Ramakrishna Chakravarthi and Alasdair D F Clarke
Objects in clutter are hard to identify. This clutter induced interference is known as visual
crowding. Visual crowding has been extensively studied over the past several decades and has
provided valuable insights into several cognitive processes, including object recognition (Levi,
2008; Whitney & Levi, 2011), reading (Martelli, Di Filippo, Spinelli, & Zoccolotti, 2009; Pelli et al.,
2007), and awareness (Atas, Faivre, Timmermans, Cleeremans, & Kouider, 2014; Kouider,
Berthet, & Faivre, 2011). However, deleterious interactions between an object and its flankers
can also occur due to other spatial processes, including surround suppression and contrast
masking (Levi, Hariharan, & Klein, 2002; Pelli, Palomares, & Majaj, 2004; Petrov, Popple, &
McKee, 2007), wherein nearby flankers suppress the target. It has been suggested (Levi et al.,
2002; Pelli et al., 2004) that crowding and contrast masking mechanisms can be distinguished by
a set of properties: masking impairs detection, whereas crowding only affects identification;
masking scales with the size of the objects, whereas crowding does not; masking is independent
of eccentricity, whereas crowding is deeply dependent on it. Hence, the diagnostic test to
determine if a particular target has suffered from crowding and not from masking was to check
if the spatial extent of the target-flanker interaction scaled with eccentricity but not with
stimulus size. If it did, then it was crowding. However, this set of diagnostic properties was
challenged by Petrov et al. (2007), who argued that surround suppression also has the same set
of features. They proposed that the unique property differentiating crowding and surround
suppression was that crowding displayed a specific sort of asymmetry known as In-Out
Asymmetry (IOA) that surround suppression did not. IOA is the finding that the flanker farther
away from the fovea (the ‘outward’ flanker) relative to the target causes more crowding than
the flanker that is closer to the fovea (the ‘inward’ flanker). This appears counter-intuitive since
the inward flanker should be more ‘perceptible’, because of better acuity for objects closer to
the fovea, and hence should lead to more interference. However, increased interference from
the outward flanker can be explained by cortical magnification, due to which neurons that fire
to the outward flanker are closer to the neurons responding to the target than are the neurons
responding to the inward flanker (Pelli, 2008), and hence can cause more interference. IOA has
been noticed and reported in a variety of settings right from the early days of crowding research
(Bex, Dakin, & Simmers, 2003; Bouma, 1970; Manassi, Sayim, & Herzog, 2012). Consequently,
Petrov et al. (2007) proposed that demonstration of IOA should be considered diagnostic of
crowding.
However, IOA is not observed in all situations. For example, Petrov and Meleshkevich
(2011a) found that, in the specific setup they used, IOA was present only in the horizontal
meridian and not at other locations. In fact, most previous studies where IOA has been
demonstrated also seem to have documented it along the horizontal axis; few have tested other
locations. They also showed that IOA was stronger if participants had to monitor two spatial
locations than if the target was consistently presented at the same location. They argued that
this effect could be ascribed to attentional deployment. That is, IOA is observed only if attention
is spread out, but not if it can be focused on a given location, which is the case when the target
is predictably presented at the same location. Further evidence for the role of attention was
provided when, in a different study, they showed that varying the target location, and thus
increasing the need for attention to monitor more locations, increased the strength of IOA.

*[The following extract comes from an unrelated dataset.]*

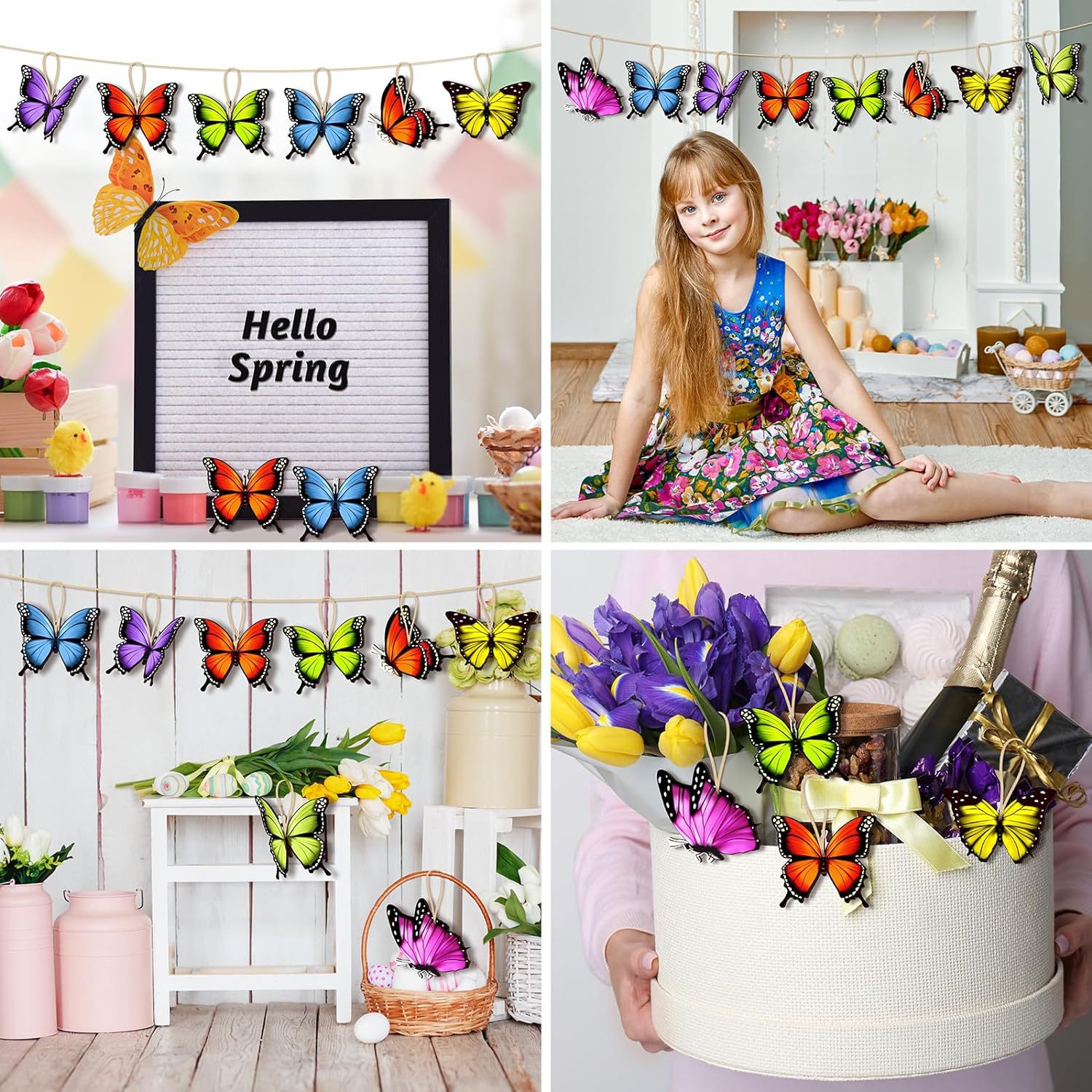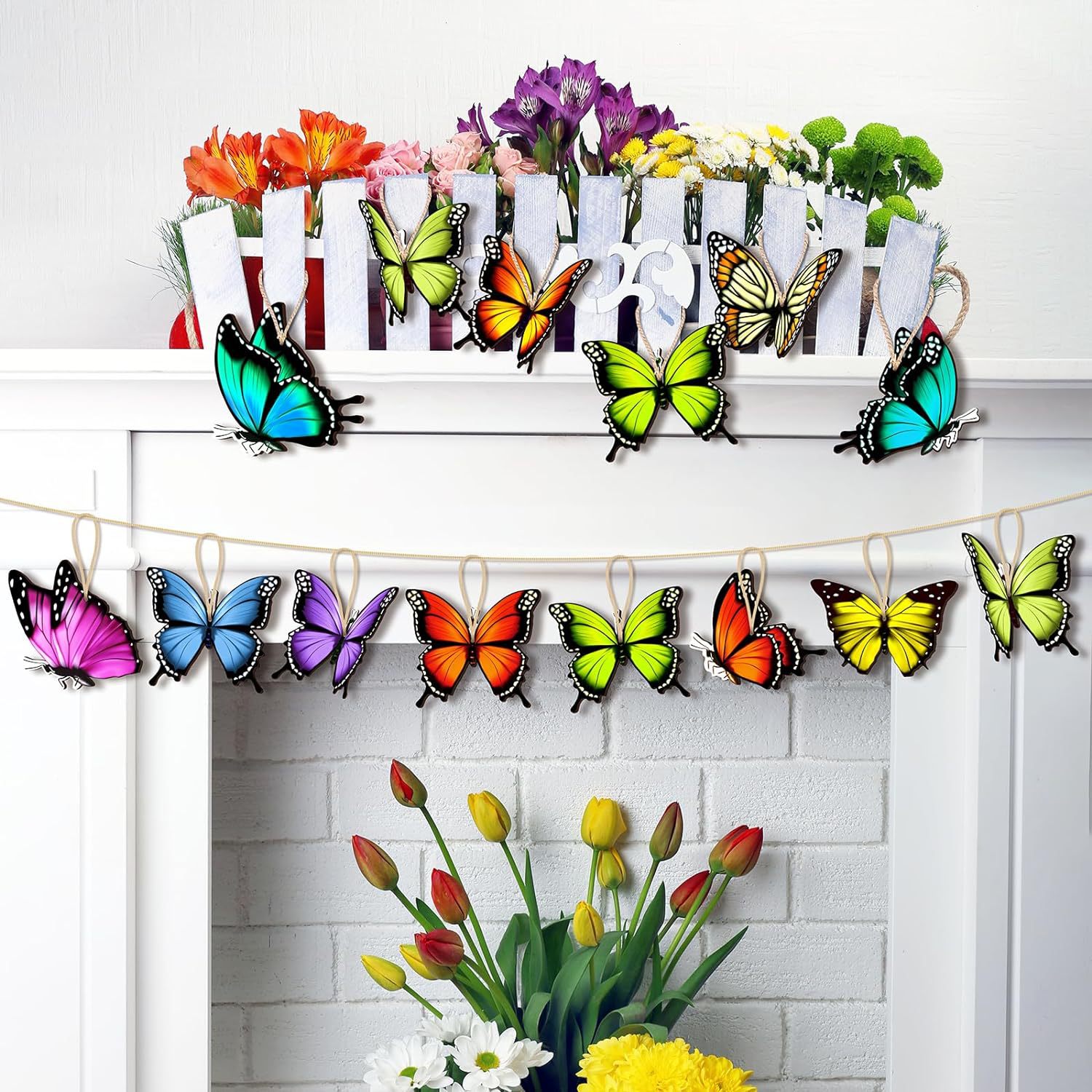 Пружинная бабочка деревянный орнамент подвеска бабочка деревянный логотип украшения для весеннего дерева фермерский дом товары для вечеринок

Additionally, when participants had to attend a central location, IOA was eliminated or even
reversed in some participants (Petrov & Meleshkevich, 2011b). On the other hand, there are
potential issues with the stimulus setup and participants used in these paradigms. Generally,
these studies have been conducted with a few, experienced participants. Further, considerable
inter-observer variability has been documented. A property should be evident consistently in all
observers and not just experienced ones if it is to be considered diagnostic. Incidentally, Petrov
and Meleshkevich (2011b, 2011a) used coarsely discriminable stimuli (identifying Gabor
orientations separated by 90 deg), which themselves might result in little to no crowding (Pelli
et al., 2004). Hence, stimulus choice might also be important in determining the robustness of
IOA. Given these findings, the question arises if IOA exists and if it can be considered diagnostic
of crowding.
This study, therefore, is intended to address a few related issues: 1) Does IOA exist? 2) If
yes, can it be observed in a relatively larger sample of naïve observers and how prevalent is it
within this sample? 3) The strength of IOA appeared to vary dramatically. Here we hope to
derive an estimate of the strength of IOA and its variance across the sample tested. 4) Is IOA
restricted to the horizontal meridian, as claimed by Petrov and Meleshkevich (2011a)? If so, it
cannot be considered diagnostic of crowding. 5) It was suggested that IOA depended on
attentional deployment. This study will test if this is the case by directly manipulating
attentional deployment using precues in a typical crowding paradigm. Finally, we will use letters
as stimuli, which require fine discrimination and have been widely documented to be
susceptible to crowding.
Methods:
40 undergraduate students will be recruited at two separate sites (20 each at Universities
of Aberdeen and Essex). Stimuli will be generated using MATLAB with Psychtoolbox extensions
(Kleiner, Brainard, & Pelli, 2007) and presented on CRT monitors in a darkened room. Stimuli will
be 9 black letters in the Sloan font (D, H, K, N, O, R, S, V and Z) presented on a grey background.
The letter C is omitted since C and O are much less discriminable than other pairs in the Sloan
font (Elliott, Whitaker, & Bonette, 1990). One target and one flanker from this set will be
randomly chosen on any given trial. The target will be presented at 8 deg eccentricity at one of
four locations (left, right, above, or below the fixation, on the horizontal or vertical meridian).
Two white lines, 2 deg on either side of the meridian, will mark the position of each target
location throughout the experiment, so as to reduce confusion about which of the two letters is
the target. These lines should not cause any crowding themselves, as they will be placed far
apart in the tangential direction and will be of the opposite contrast polarity to the target (Kooi,
Toet, Tripathy, & Levi, 1994; Toet & Levi, 1992).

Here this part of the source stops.